Right, all of these are good points, but the problem is that the "failure boundary" of a panic is the entire process. You can't constrain it, or assume that it's scoped to a single goroutine. Errors do not have this property.
> the "failure boundary" of a panic is the entire process.

This is trivially falsifiable by panicking yourself and immediately recovering. Neither failure domain nor failure boundary need to align with the entire process.

Panics are categorically different than errors. Errors are normal, panics are not normal.
> I guess this is the crux of the issue. I don't think this is true, or needs to be true. It certainly hasn't been my experience. I think assuming panics are normal will take you down some paths that make it basically impossible to write reliable software. But, to each their own.

I'd rather have the control to log the panic on a service rather than it forcibly dying and taking down any other connections with it. Kube will just spin up a new one anyway, which just introduces a downtime gap that doesn't need to exist.
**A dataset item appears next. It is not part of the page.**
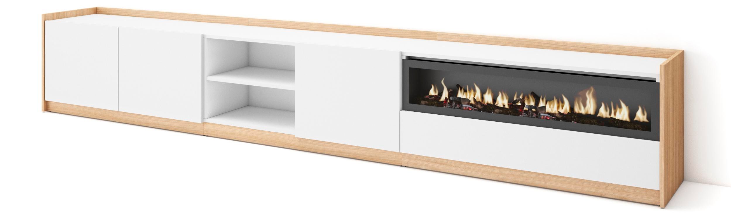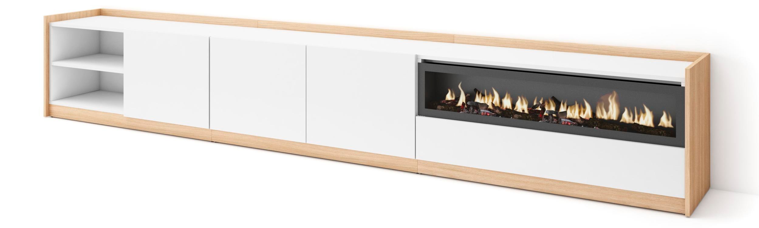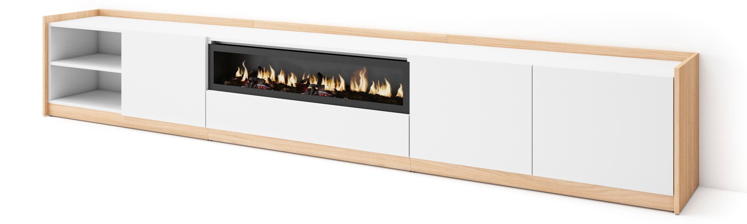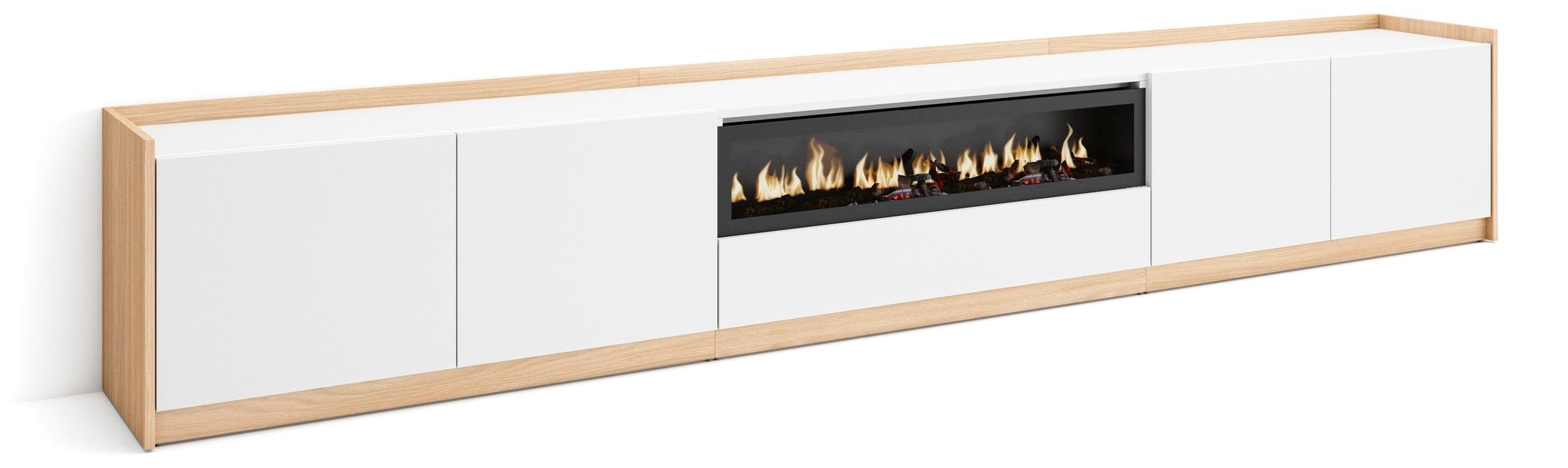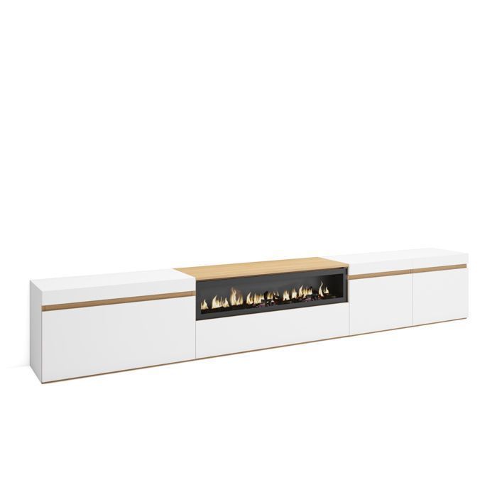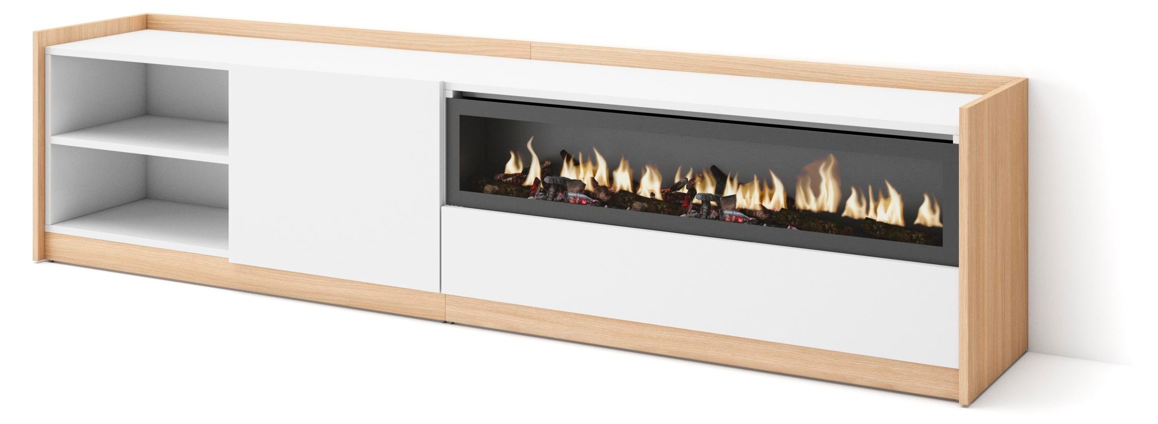 Meuble TV Banc Télé 200x35x45cm Pour les TV jusquà 80 Cheminée électrique Blanc et Chêne Soft RF3774

I don't think I'm effectively communicating the impact of handling a panic and continuing program execution. A panic that comes from a memory model violation (as one example) can change the value of anything in the memory space of the program. If the program continues, that change will go undetected, and can have results that make the program completely nondeterministic. This isn't a doom and gloom, sky-is-falling prognostication, it's literally what is defined by the spec and memory model of the language.
> A panic that comes from a memory model violation (as one example) can change the value of anything in the memory space of the program ... This isn't a doom and gloom, sky-is-falling prognostication, it's literally what is defined by the spec and memory model of the language.

I do not think you are correct. Go has a class of unrecoverable panics for this specific reason. Go also runs deferred functions after a recoverable panic, so the notion that it's unsafe to handle it, or continue executiona after doesn't hold at all - it is literally a first-class feature of the language.

I have not seen an instance of a recoverable panic that is raised _after_ such a fatal operation. If you have an example of such, I would love to see it.

What are unrecoverable panics vs. recoverable panics? Where is that distinction defined?
There seems to not be any standard list of unrecoverable panics/aborts, but this Stackoverflow post [1] has a list of a few.

As far as the user/developers are concerned, it doesn't matter too much, since you have no option to recover them, but it would be nice if it was explained if defers are still ran. I'm assuming they are not.